Implemented in healthcare organizations, predictive analytics brings care delivery to a new level, where early intervention may result in reduced costs, efforts, and stress for both patients and caregivers.
Making use of data analytics, industries aim at financial gain, and healthcare is not an exception. To organize patient care and administrative operations in a way that is effective and profitable, organizations have to make the most out of their analytical capabilities.
Healthcare BI software reveals patterns and insights about an organization’s budgeting and expenses, thus contributing to decision making. Analyzing metrics such as patient care costs, the most and least profitable services, underused inventory, the busiest times of the day or week, data analytics allows organizations to improve how they plan their schedules, procurement, and budget overall.

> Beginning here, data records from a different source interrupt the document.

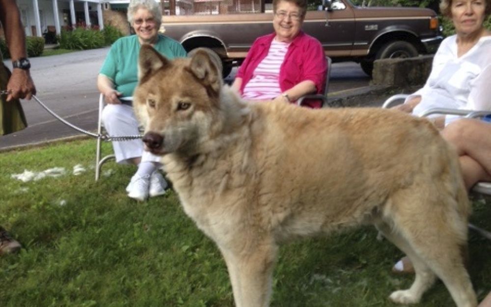We hoped the experience might furnish some insight about a wild animal’s sense of seeking for survival, not unlike our human drive for physical survival. (Of course, we have an added dimension of seeking spiritual health.) I was told by Charity Sr. Fran Grady, executive director of Living Waters, that Gudger would be happy to bring one of his wolves for an evening of learning and discussion about wolves and, by extension, our place in their world. I thought this a good way to sum up the week and provide an interesting experience of our need to be open-minded about things we fear.
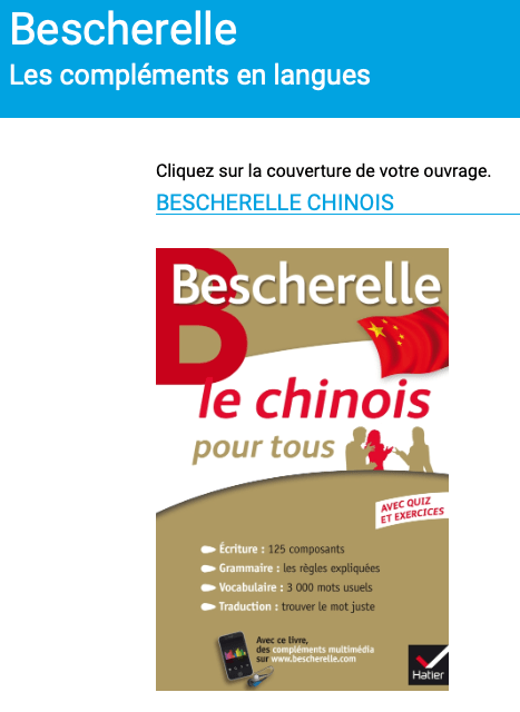 ĂditĂ© par Hatier (collection Bescherelle), le livre « le chinois pour tous » n’est ni un manuel ni une simple grammaire mais un ouvrage composite assez original.
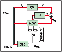 Структурная схема оптимального регулятора состояния, содержащего наблюдающее устройство, приведена на рис.12. Схема содержит следующие элементы: Н — наблюдатель, ОУ — объект управления, МОУ — модуль объекта управления, ОРС — оптимальный регулятор состояния, Е Н — ошибка наблюдения, X М — вектор состояния модели, X зад.— вектор задания, U — вектор входа ОУ, Y — вектор выхода ОУ, Y М — вектор выхода модели.
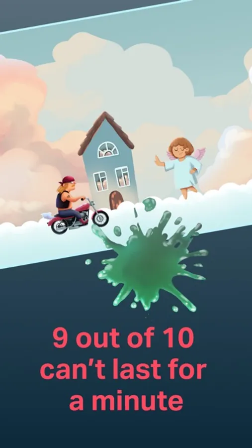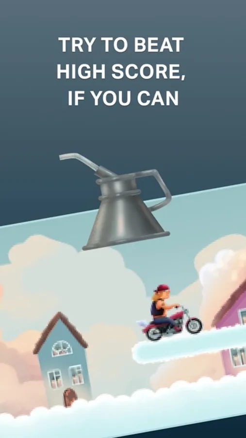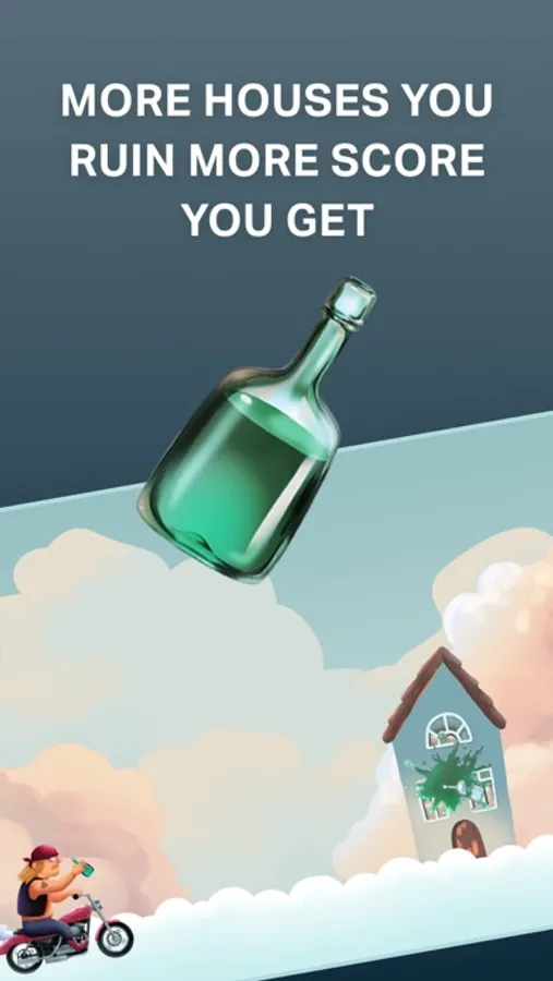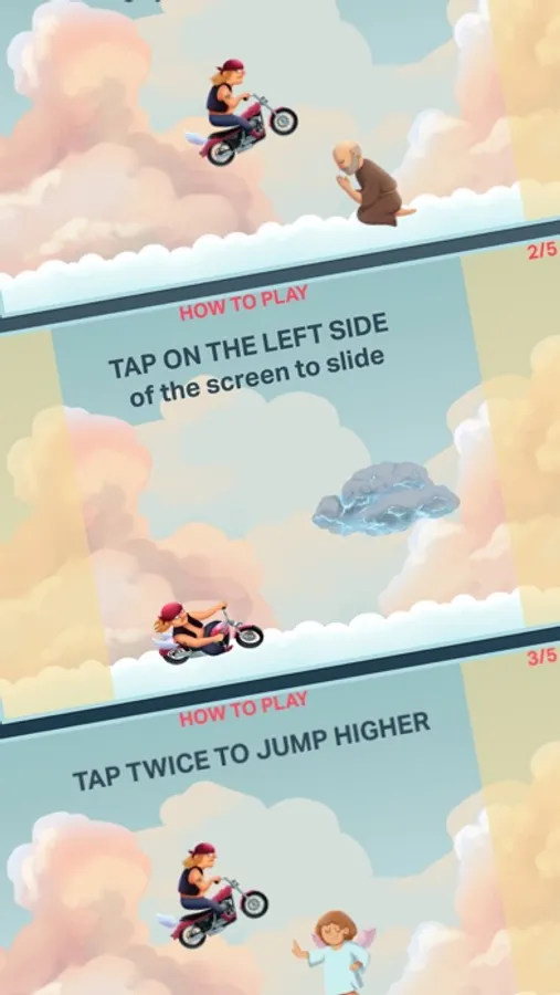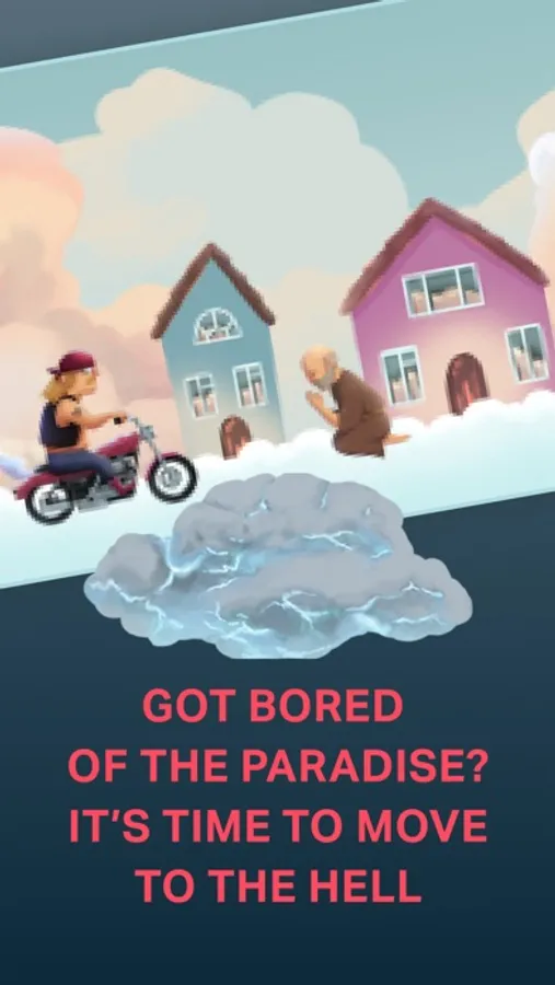 A game about a biker who ascends to heaven with his motorcycle. The biker rides across the heaven, jumping over angels and saints. During the passage of the line runner, the player will be able to spoil the marshmallow everyday life of the inhabitants of paradise by throwing bottles of paint over their houses. To do this, during the race, the biker must slide under the thunderclouds, picking up the projectiles for throwing.

Particular attention should be paid to prescriptive analytics. By comparing analogous drugs it helps find treatment strategies and medications that might work more effectively at a lower cost than the ones currently in use by the organization.
How to Implement BI Successfully?
- Healthcare is rich with various data channels, but multiple sources may be difficult to analyze all at once. In order to avoid overburdening your in-house analytical capacities, start with a limited number of reliable sources that provide the most important information.
- To make the most out of data, organizations need to adopt a data-driven culture—the one in which each team member has access to data, knows how to turn it into valuable insights, and, which is more important, recognizes data as a critical element of the decision-making process.
- Data protection and compliance should be at the core of any organization’s practices, and it becomes more relevant with the adoption of a BI platform. Due to the sensitive nature of data in healthcare, the safety of information plays a significant role in the industry. So, executives should take all the steps required to keep data protected.
- Once you are ready to make BI part of your routine, you need to decide on whether to employ a professional team of analysts or democratize data and let it spread within the organization. The latter approach will let decision-makers get information to act upon without delay and share insights with their colleagues.
In healthcare, data is a powerful asset that can bring value to patients, care providers, and stakeholders across the board. When aggregated from reliable sources and made useful through dedicated business intelligence systems, it can nurture everyday clinical decision-making, population health initiatives, and cross-facility collaboration.
This approach is not without its adoption pitfalls, though, so it takes extra preparatory steps in line with the data-driven organizational mindset, some of which are outlined above.